- [RECORDS FOR PROCESSING]
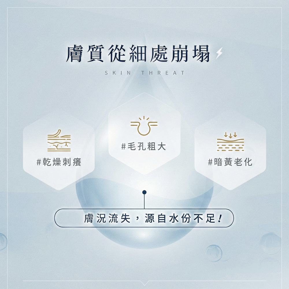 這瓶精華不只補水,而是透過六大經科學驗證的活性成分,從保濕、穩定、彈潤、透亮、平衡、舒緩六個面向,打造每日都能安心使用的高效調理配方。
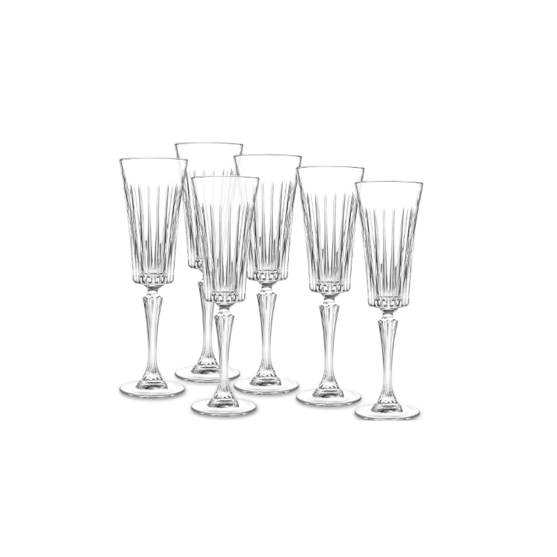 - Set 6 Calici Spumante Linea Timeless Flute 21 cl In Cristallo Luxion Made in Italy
==
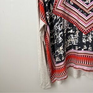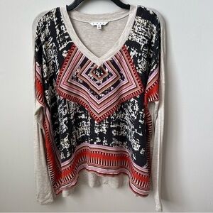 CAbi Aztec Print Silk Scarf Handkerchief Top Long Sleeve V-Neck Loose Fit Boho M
* * *
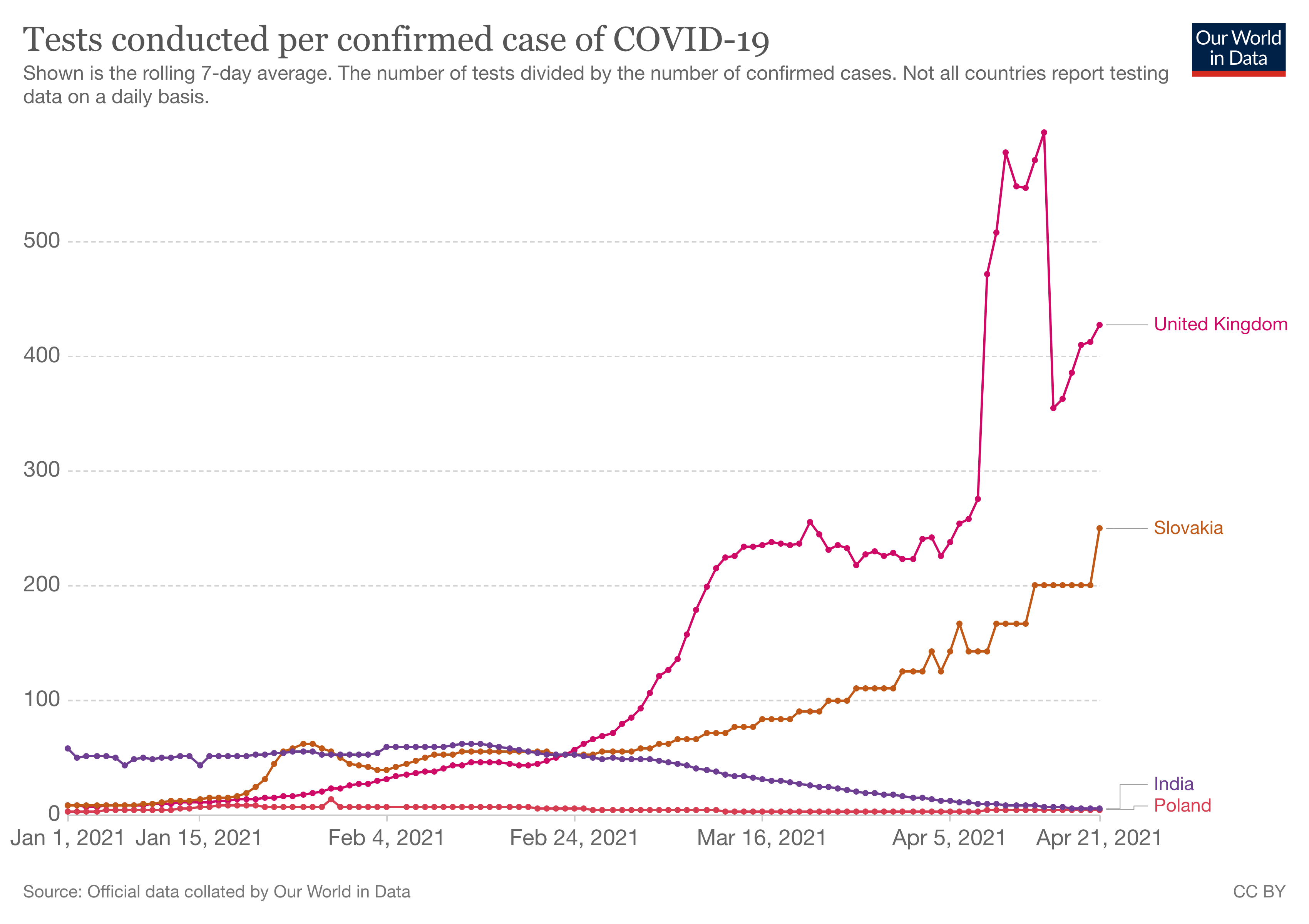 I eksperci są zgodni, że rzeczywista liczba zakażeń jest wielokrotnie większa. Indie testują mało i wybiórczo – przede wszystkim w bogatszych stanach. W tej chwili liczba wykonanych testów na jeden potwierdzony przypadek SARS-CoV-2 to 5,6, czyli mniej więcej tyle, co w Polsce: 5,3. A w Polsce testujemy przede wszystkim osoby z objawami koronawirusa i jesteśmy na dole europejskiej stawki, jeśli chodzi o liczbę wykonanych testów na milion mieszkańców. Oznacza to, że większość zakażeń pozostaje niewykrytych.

- [WORK INSTRUCTION]
The answer is those lines of the material above that run from the one containing "這瓶精華不只補水,而是透過六" up to and including the one containing "- Set 6 Calici", restated exactly and without images.

- [EXERCISE SOLUTION]
 這瓶精華不只補水,而是透過六大經科學驗證的活性成分,從保濕、穩定、彈潤、透亮、平衡、舒緩六個面向,打造每日都能安心使用的高效調理配方。
 - Set 6 Calici Spumante Linea Timeless Flute 21 cl In Cristallo Luxion Made in Italy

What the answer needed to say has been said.